Lung cancer is the leading cause of cancer-related mortality in the United States with over 172,000 new cases and over 163,000 deaths in 2005 with over 225,000 new cases and 160,000 deaths in 2013. Approximately 14% of lung cancers diagnosed between 2005 and 2009 were small cell lung cancer (SCLC), with the remainder being various subtypes of non-small cell lung cancer (NSCLC) such as adenocarcinoma, squamous cell, and large cell, among others. The proportion of new lung cancers diagnosed that are SCLC has been declining over the past few decades. The reasons for this are unclear but may relate at least in part to the changing composition of cigarettes and inhalation patterns.
SCLC is associated with cigarette smoking in the vast majority of cases. Both duration of smoking and number of cigarettes per day are directly correlated with lung cancer risk. Patients who quit smoking decrease their lung cancer risk, although not to never-smoking levels (1).

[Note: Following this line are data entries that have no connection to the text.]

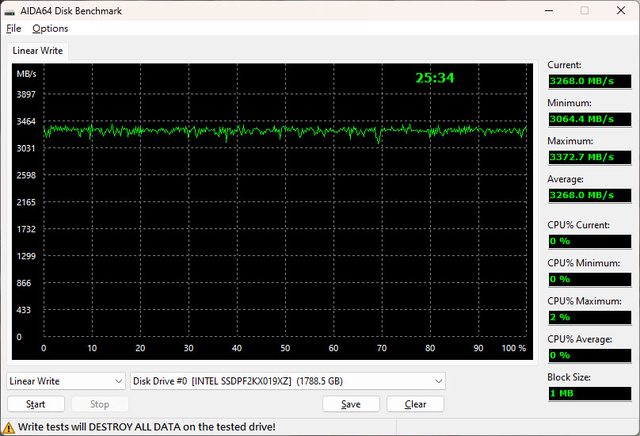 寫入測試,最高速度3,372.7MB/s,最低速度3,064.4MB/s,中途未出現降速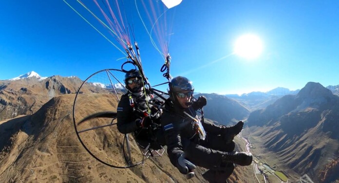The ‘World’s Most Intrepid Twins’ announced they’ve broken a world record, by flying a tandem electric para-motor 8,000ft over the French Alps.
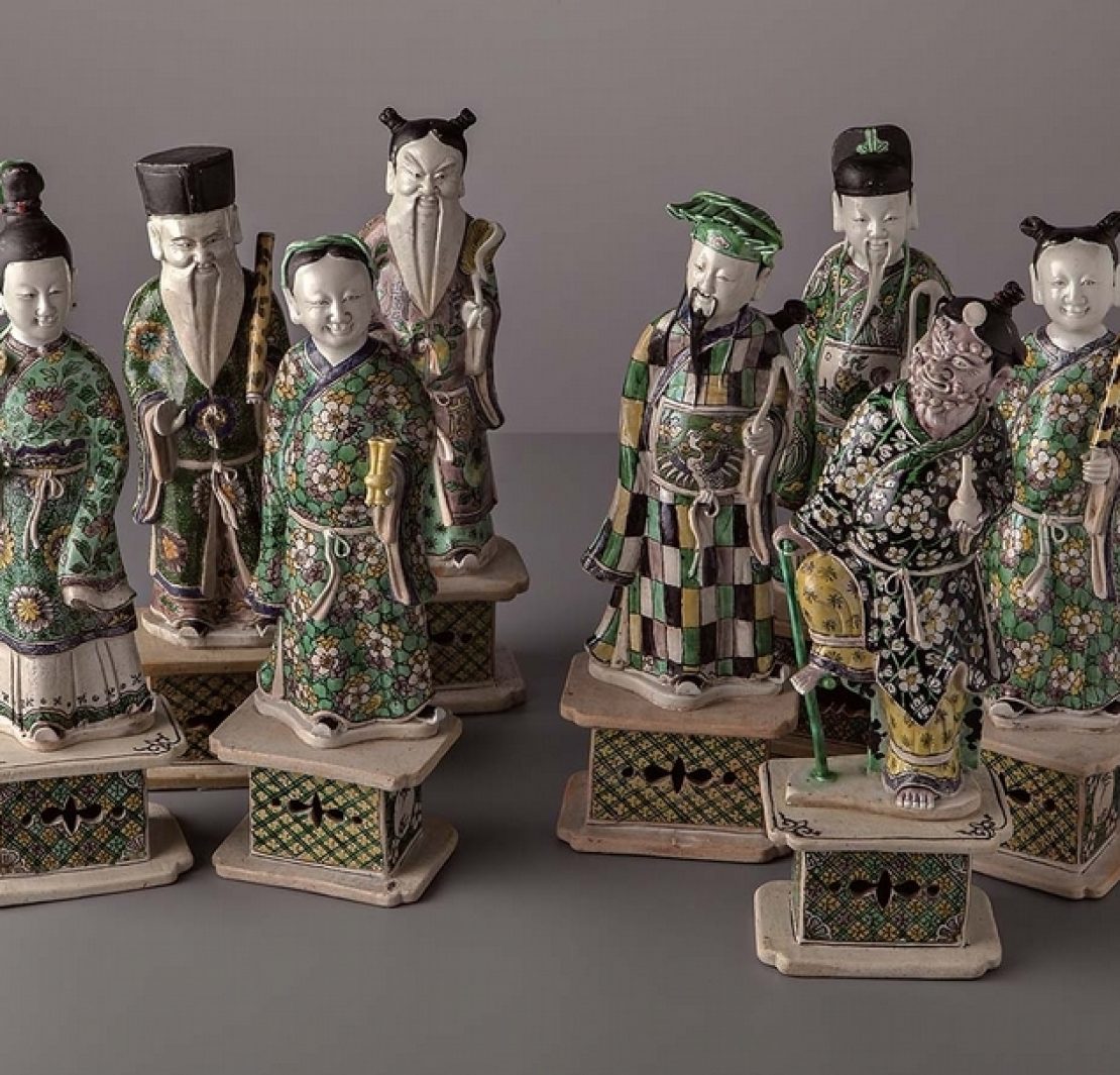 以經營外銷瓷聞名的Jorge Welsh Works of Art,這回帶來一套〈晚宴瓷器餐具組〉(圖3)氣勢非凡。這組製作於清代乾隆朝的琺瑯彩瓷器,中央不但繪有繁花盛開的牡丹、雛菊與漿果,四周邊緣亦綿延散布著菊花、蓮花與罌粟等裝飾,整體展現富麗堂皇的鮮豔美感。最後在Vanderven Oriental Art推出的「人物像(Figures)」專題中,展品從雕刻到繪畫、涵蓋廣泛。例如一組清代〈八仙群像〉(圖4),它們是在素胚上施以綠、黃、茄紫色,這種三色琺瑯被稱為「素三彩」,曾流行於康熙時期。每位主角的穿著、姿勢和法器均有不同,突顯古代匠師對人物體相的細膩觀察與捕捉神韻的技巧。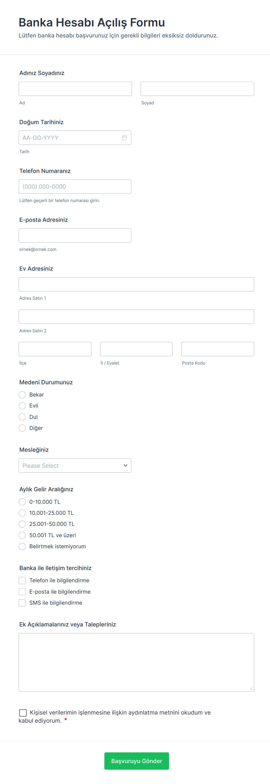 - Bu adımları izleyerek, kurumunuzun süreçlerini kolaylaştıran ve müşteri deneyimini geliştiren profesyonel, güvenli ve verimli bir banka başvuru formu oluşturabilirsiniz.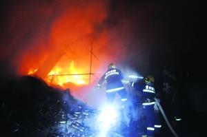 此时,自发组织救火的数十位群众,已将废品站附近被引燃的一栋房屋扑灭。不过,废品站内存放着的废弃纸壳和旧轮胎数量超过6吨,大火的燃烧势头依旧很旺,对周围数10户人家仍有很大的威胁。

SCLC is a type of high-grade neuroendocrine lung cancer. The neuroendocrine lung tumors encompass a diverse spectrum that ranges widely in prognosis, from low-grade typical carcinoids and intermediate-grade atypical carcinoids to the higher-grade cancers including large cell neuroendocrine cancer and SCLC. SCLC and large cell neuroendocrine cancer behave similarly and have similar prognoses.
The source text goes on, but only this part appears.